2. Where no Member State responsible can be designated on the basis of the criteria listed in this Regulation, the first Member State with which the application for international protection was lodged shall be responsible for examining the application.

Where it is impossible to transfer an applicant to the Member State initially designated as responsible because there are substantial grounds for believing that there are systemic deficiencies in the asylum procedure and in the reception conditions of applicants in that Member State which give rise to a risk of inhuman or degrading treatment within the meaning of Article 4 of the Charter of Fundamental Rights of the European Union, the Member State carrying out the determination of the Member State responsible shall continue the examination of the criteria set out in Chapter III in order to decide whether any of those criteria allows another Member State to be designated as responsible.

Where a transfer pursuant to this paragraph cannot be made to a Member State designated on the basis of the criteria set out in Chapter III or to the first Member State where the application was lodged, the Member State determining the Member State responsible shall become the Member State responsible».                                   
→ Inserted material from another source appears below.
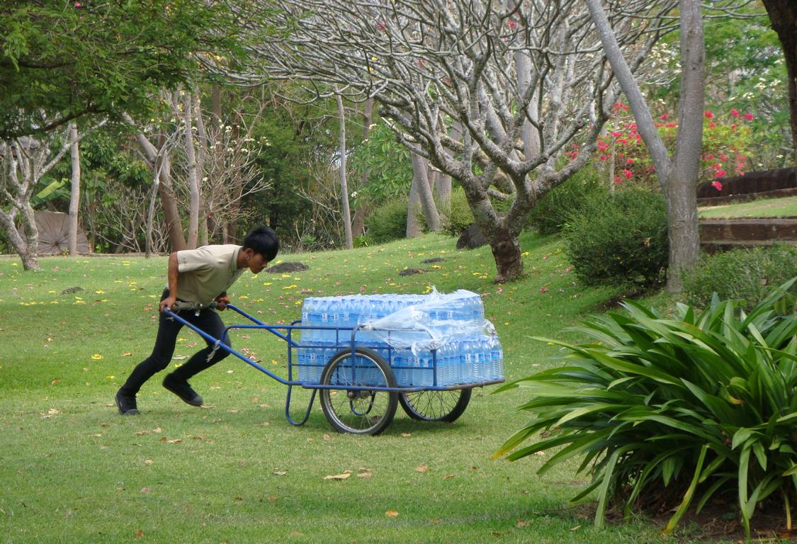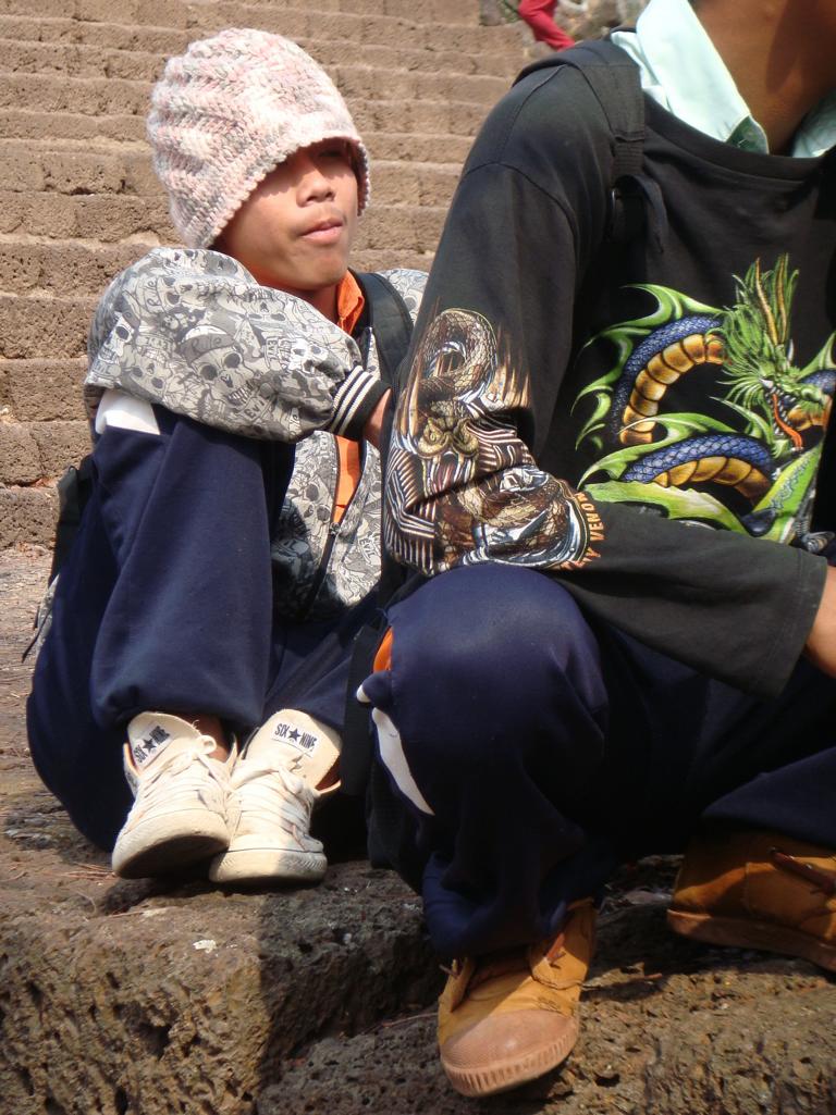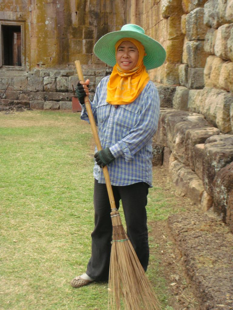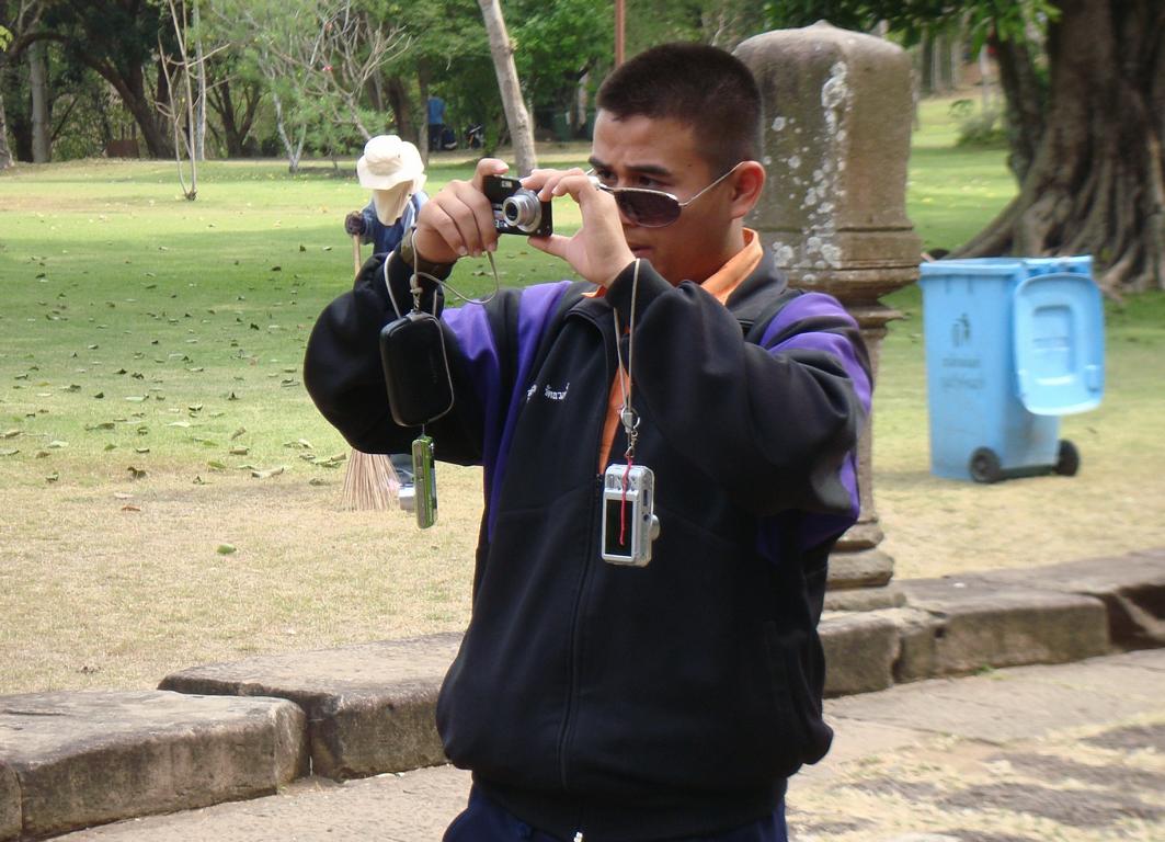 Map overview … Überblick …It looked like early in the morning – and that’s what it was. Es sah aus wie früh am Morgen – und so war es ja auch.Stop at a gas station. Time to buy food, hit the restrooms and … Halt an einer Tankstelle. Zeit, etwas zu essen zu kaufen, die Toiletten aufzusuchen und …… take a nap. No, that bus didn’t belong to our group. … ein Schläfchen zu halten. Nein, der Bus gehörte nicht zu uns.Straight on … Immer weiter geradeaus …I’m sure that people on the busses were travelling more comfortably … Sicherlich hatten es die Passagiere in den Bussen etwas bequemer …Next stop. Everyone wanted to arrive at the destination … but it was good to see that the drivers were not rushing, not pushing, took their time to rest. Nächster Halt. Jeder wollte gerne schnell ankommen … aber es war beruhigend zu sehen, daß die Fahrer nicht nur fuhren sondern auch auf ihre Ruhezeiten achteten.This turn looked pretty well updated in terms of road safety: Warning signs, concrete barriers, red paint and rough surface on the lane leading downwards – but in the end Thailand was successful in its hard efforts to gain the top rank in the list of countries with the most traffic fatalities! Diese Kurve sah bezüglich der allgemeinen Verkehrssicherheit ziemlich gut aus: Warnschilder, Betonbarrieren, rote Farbe und ein aufgerauhter Fahrbanbelag auf der abwärts führenden Spur – aber letztendlich war Thailand in seinen Bemühungen, die Spitzenposition bei Verkehrstoten zu halten, wieder einmal erfolgreich!We arrived at the bus park where local vendors were unloading and preparing their goods … Wir kamen am Busparkplatz an und sahen, wie örtliche Händler ihre Waren abluden und zum Verkauf vorbereiteten …Listening to first instructions … Es gab erste Anweisungen …Obviously not everybody was really interested … Offenbar war nicht jeder daran interessiert …Eyes to the left … Augen nach links …… or to the right? … oder doch nach rechts?I think, I missed a new trend in fashion … Ich glaube, diesen Modetrend habe ich verpasst …Crochet appeared to be quite popular amongst male students … This one here tries to put another stone on top of a small pyramid. A cairn is a human-made pile of stones. In modern times, cairns are often erected as landmarks. But they have also been built and used as burial monuments; for defense and hunting; for ceremonial purposes, sometimes relating to astronomy; to locate buried items, such as caches of food or objects; and to mark trails, among other purposes. Despite that – in Thailand it’s regarded as a sign of good luck if the top stone doesn’t fall off. Häkeln schien unter den männlichen Schülern ziemlich populär zu sein … Dieser hier versuchte gerade, einen kleinen Stein auf die Spitze einer Steinpyramide zu setzen. Ein Steinhaufen besteht einfach aus von Menschenhand aufgeschichteten Steinen und wird heute überwiegend als Wegzeichen errichtet. Aber sie sind auch als Grabzeichen gesetzt worden; zur Verteidigung und Jagd; zu feierlichen Anlässen; im Zusammenhang mit Astronomie; um vergrabene Gegenstände wie Boxen für Nahrung oder Werkzeuge aufzufinden und um Wege zu markieren. Daneben gilt es in Thailand als Zeichen von Glück, wenn der oberste Stein nicht wieder herunterfällt.Prasat Hin Phanom Rung is a Khmer temple complex, built on the rim of an extinct volcano. It has been built of sandstone and laterite between the 10th and 13th century. Thailand’s Department of Fine Arts spent 17 years restoring the complex to its original condition. In May 1988, the park was officially opened by Princess Maha Chakri Sirindhorn and in 2005 the temple was submitted to UNESCO for consideration as a future World Heritage Site. Prasat Hin Phanom Rung ist ein Tempelkomplex der Khmer, erbaut auf dem Rand eines erloschenen Vulkans. Hergestellt zwischen dem zehnten und dreizehnten Jahrhundert aus Sandstein und Laterit. Mitarbeiter des thailändischen Ministeriums für bildende Künste verbrachten 17 Jahre damit, den Komplex in seinen ursprünglichen Zustand zu bringen. Im Mai 1988 wurde der Park von Prinzessin Maha Chakri Sirindhorn offiziel eröfffnet und 2005 wurde die Anlage der UNESCO mit dem Hintergrund vorgestellt, sie in Zukunft als Weltkulturerbe anzuerkennen.After listening to a few lessons in history about the place, students were free to make their own way around … Erst gab es einige Vorträge zur Geschichte der Anlage, dann durften sich die Schüler ohne Aufsicht umsehen …What am I looking at here …? Is it a door or a window? Was kann man hier erkennen? Eine Tür oder doch eher ein Fenster?Probably a door – because the former window openings looked different. They were equipped with small pillars to ensure a proper ventilation and keep unwanted animals outside … Wahrscheinlich eine Tür – weil die alten Fensteröffnungen doch noch anders aussahen. Sie waren mit kleinen Säulen versehen, die für eine gute Belüftung sorgen und unerwünschte Tiere fernhalten sollten …Pushing at least 200 litres of water on a grass surface – not an easy job! Mal eben mindestens 200 Liter Wasser über den Rasen schieben – keine einfache Aufgabe!The best place to take off the cap and show the bald melon … Der beste Ort um das Cap abzunehmen und die kahle Melone zu zeigen …The teacher and the gang … Die Lehrerin und die Gang …Common picture today: Many students asked for photos with friends or a teacher. So – as soon as one person volunteered to be the photographer – other students gave him resp. her the camera, ran back to their group of friends before screaming: „My camera, too.“ or „Wait, one more with my camera“. Heute ein oft gesehenes Bild: Viele Schüler wollten gerne Fotos mit ihren Freunden oder einem Lehrer haben. Sie fragten jemanden und sobald sich jemand dieser Aufgabe angenommen hatte, wurde diese Person mit den Kameras anderer Schüler behängt. Dann liefen die Sch
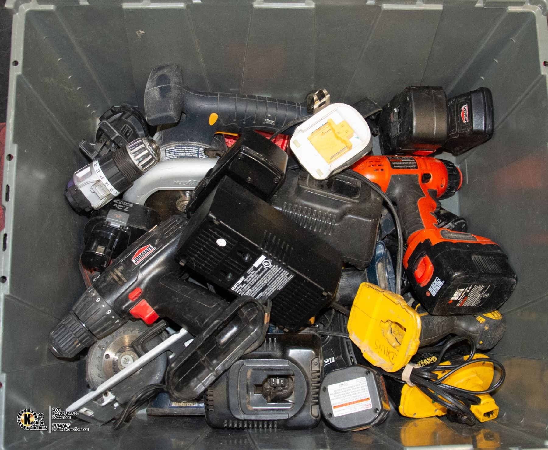 TOTE OF ASSORTED CORDLESS TOOLS/BATTERIES/CHARGERS

  • The Supreme Court considers that the SEF's decision is in perfect harmony with the stipulations of the first paragraph of Article 3(2) cited above: in fact, since Portugal "could not be designated" on the basis of the criteria set out in Chapter III of the Regulation in question, the first State responsible for examining the application for international protection formulated would be the Italian State;


  • For the SAC, the Court of First Instance, in having favoured the application of the second and third subparagraphs of Article 3(2) in question to the detriment of the first subparagraph, precisely because it considered that there were indications of "systemic failures" in the asylum procedure and reception conditions of applicants for international protection in Italy, erred insofar as those indications, together with the applicant's statements, did not impose on the SEF the duty to conduct an ex-officio search for information relating to the asylum procedure and reception conditions of refugees in Italy;


  • For the SAC, from the statements given by the applicant it can only be concluded that he came from Italy to Portugal because he did not feel safe, as there were many problems in the camp where he was staying and because it was very difficult to go to hospital. In other words, according to the Supreme Court, the applicant essentially invokes reasons of safety and difficult hospital attendance, doing so in a very general way, since he does not specify any episode that could illustrate his complaint;


  • Also for the SAC, it follows from recitals 4 and 5 of Regulation [EU] 604/2013, of the European Parliament and of the Council, of 26.06.2013, that it was intended to implement a clear and operational method for determining the Member State responsible for examining asylum applications, and that that method should be based on objective and fair criteria, so as to enable a rapid determination of the Member State responsible and not to compromise the objective of the rapid processing of applications for international protection. It follows that only in duly justified cases, that is to say, in those cases in which there are valid reasons to believe that 'there are systemic failings in the asylum procedure and in the reception conditions of applicants' and that such failings entail a risk of inhuman or degrading treatment, in particular because they involve torture, is it incumbent on the State concerned to seek to obtain up-to-date information on the existence of a risk that the applicant will be subjected to that kind of treatment;


  • However, according to this court, this is not the case here, where the applicant's complaints about his stay in a "refugee" camp in Italy are not such as to give rise to any "serious suspicion" - valid reasons - that he will suffer "inhuman or degrading" treatment by the Italian State;


  • It should be added that the news reports referred to also do not require the condemnation of the SEF, since for the Supreme Court they refer, in isolation, to an unusual situation: that of the abnormal flow of illegal immigration of citizens from African countries to Europe, via Italy;


  • According to the Supreme Court, it was an avalanche of illegal immigration, made up of a group of immigrants including potential refugees but not only potential refugees, which caused a deficit in the conditions of reception by Italy, provoking a hostile political reaction in order to arouse the solidarity of the other Member States in the resolution of the problem. Hence, the news conveyed only reflects this, and are not capable, in itself, of implying the risk of inhuman or degrading treatment, including torture, of applicants for international protection by the Italian State.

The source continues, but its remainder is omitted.